>>

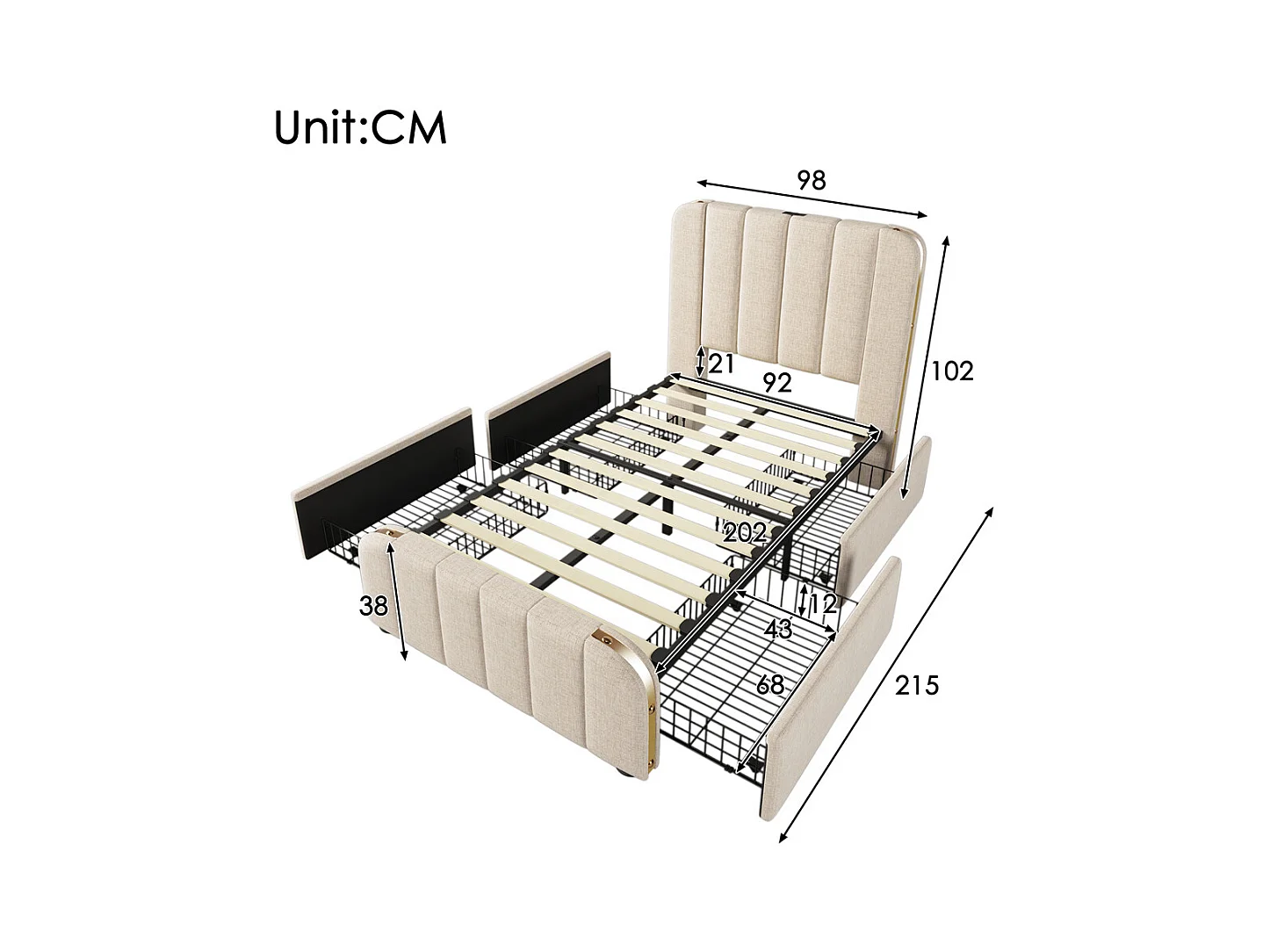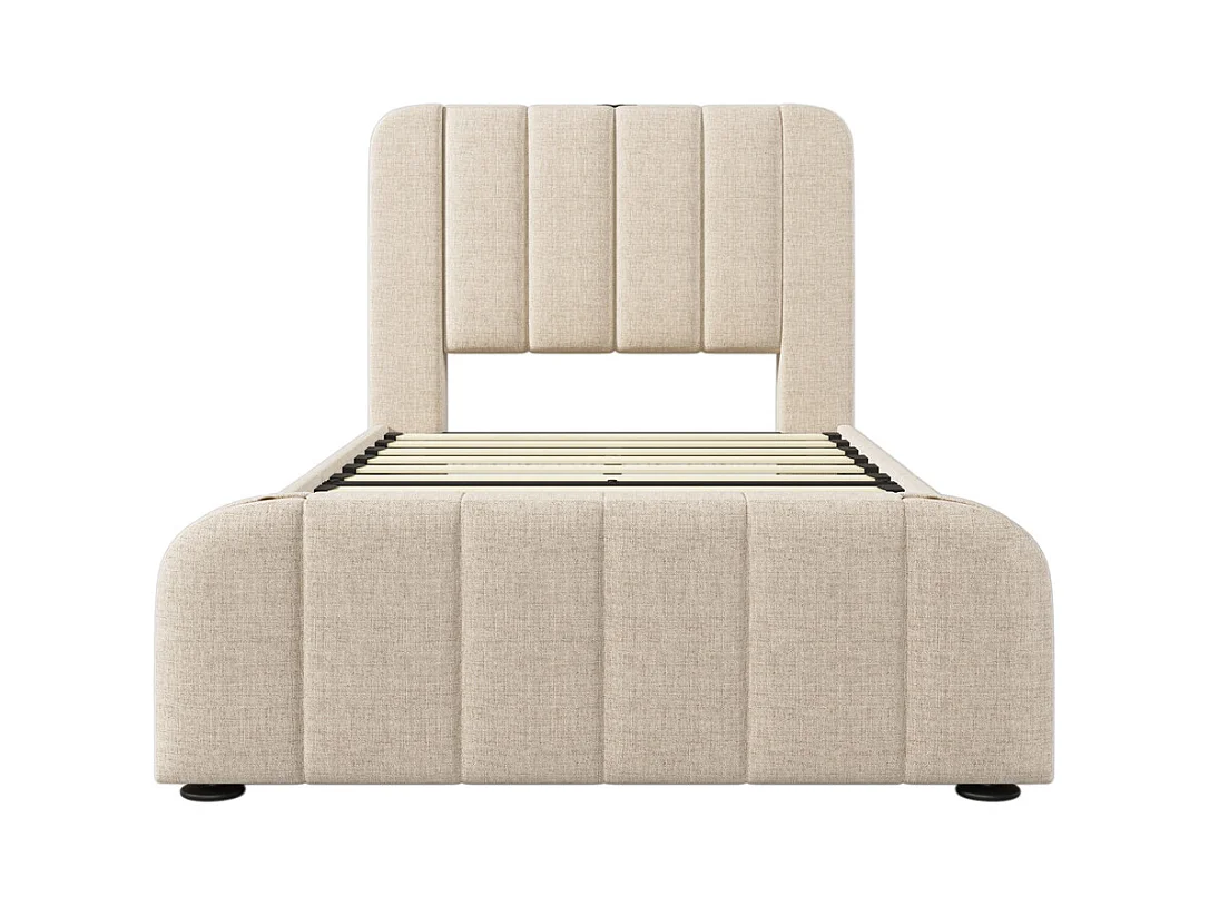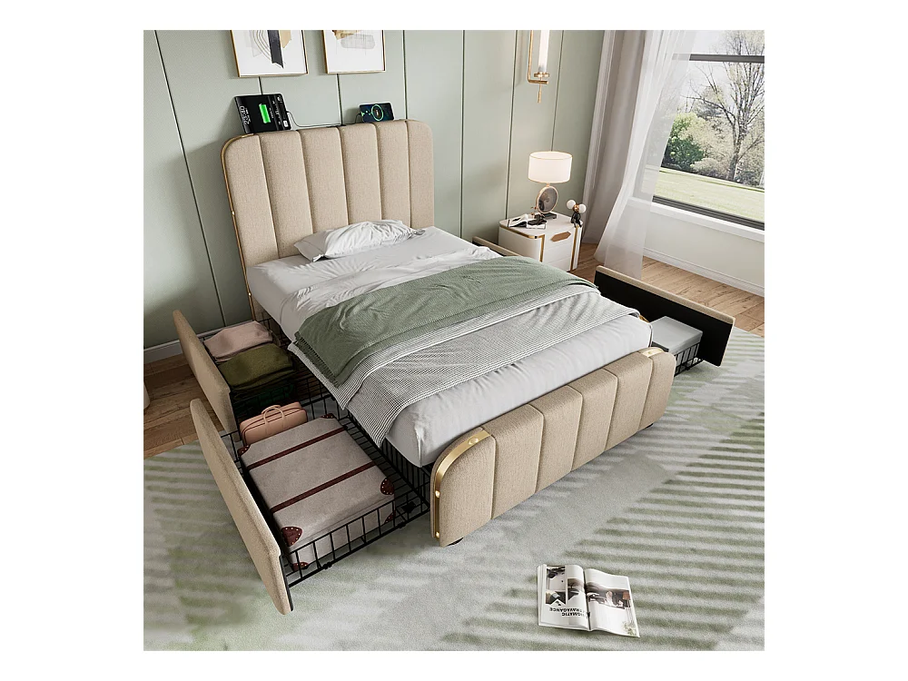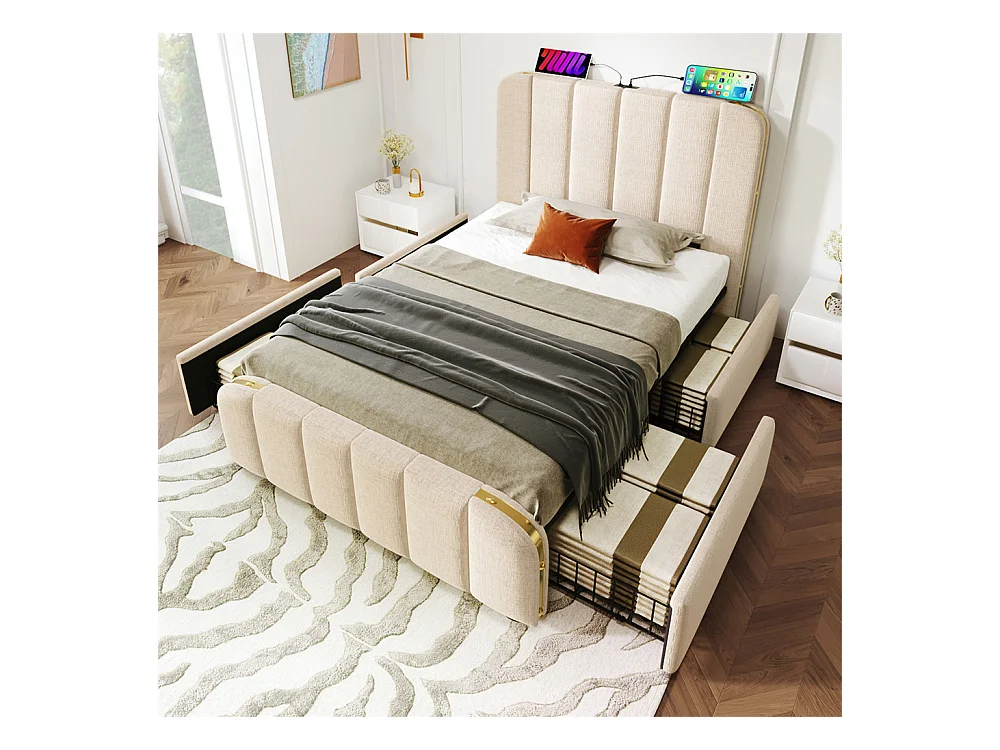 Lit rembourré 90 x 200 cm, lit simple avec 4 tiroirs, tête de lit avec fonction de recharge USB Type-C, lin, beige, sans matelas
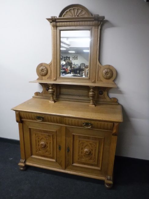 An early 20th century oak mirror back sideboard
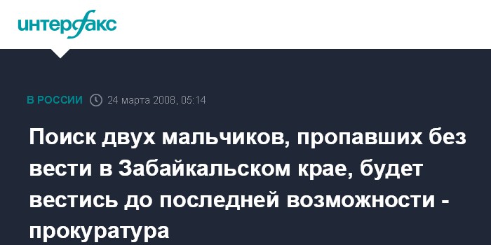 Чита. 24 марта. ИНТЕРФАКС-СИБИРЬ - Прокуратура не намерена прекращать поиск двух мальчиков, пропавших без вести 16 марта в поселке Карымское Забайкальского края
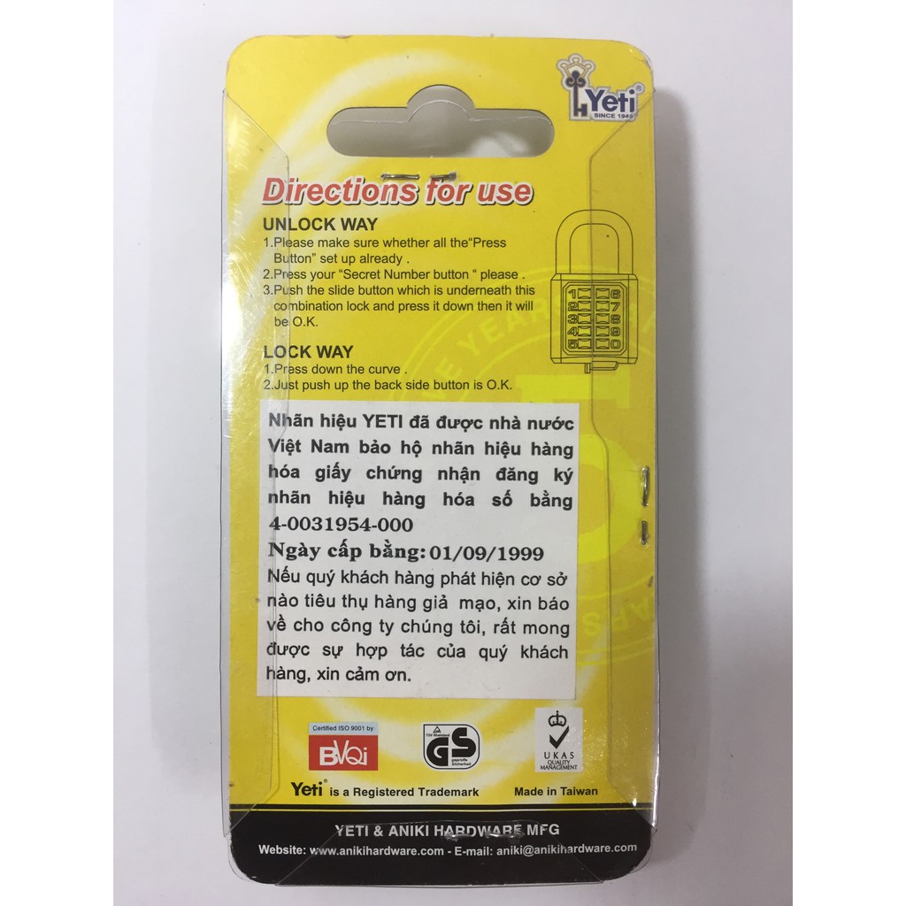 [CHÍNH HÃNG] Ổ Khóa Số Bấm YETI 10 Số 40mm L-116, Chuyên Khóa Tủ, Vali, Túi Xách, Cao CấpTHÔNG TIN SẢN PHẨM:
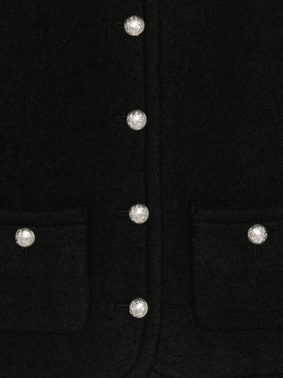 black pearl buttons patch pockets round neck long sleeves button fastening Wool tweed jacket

<<

* [WORK REQUIRED]: Extract all the data above exactly, excluding every picture.

* [RESULT OF THIS EXERCISE]:
 Lit rembourré 90 x 200 cm, lit simple avec 4 tiroirs, tête de lit avec fonction de recharge USB Type-C, lin, beige, sans matelas
 An early 20th century oak mirror back sideboard
 Чита. 24 марта. ИНТЕРФАКС-СИБИРЬ - Прокуратура не намерена прекращать поиск двух мальчиков, пропавших без вести 16 марта в поселке Карымское Забайкальского края
 [CHÍNH HÃNG] Ổ Khóa Số Bấm YETI 10 Số 40mm L-116, Chuyên Khóa Tủ, Vali, Túi Xách, Cao CấpTHÔNG TIN SẢN PHẨM:
 black pearl buttons patch pockets round neck long sleeves button fastening Wool tweed jacket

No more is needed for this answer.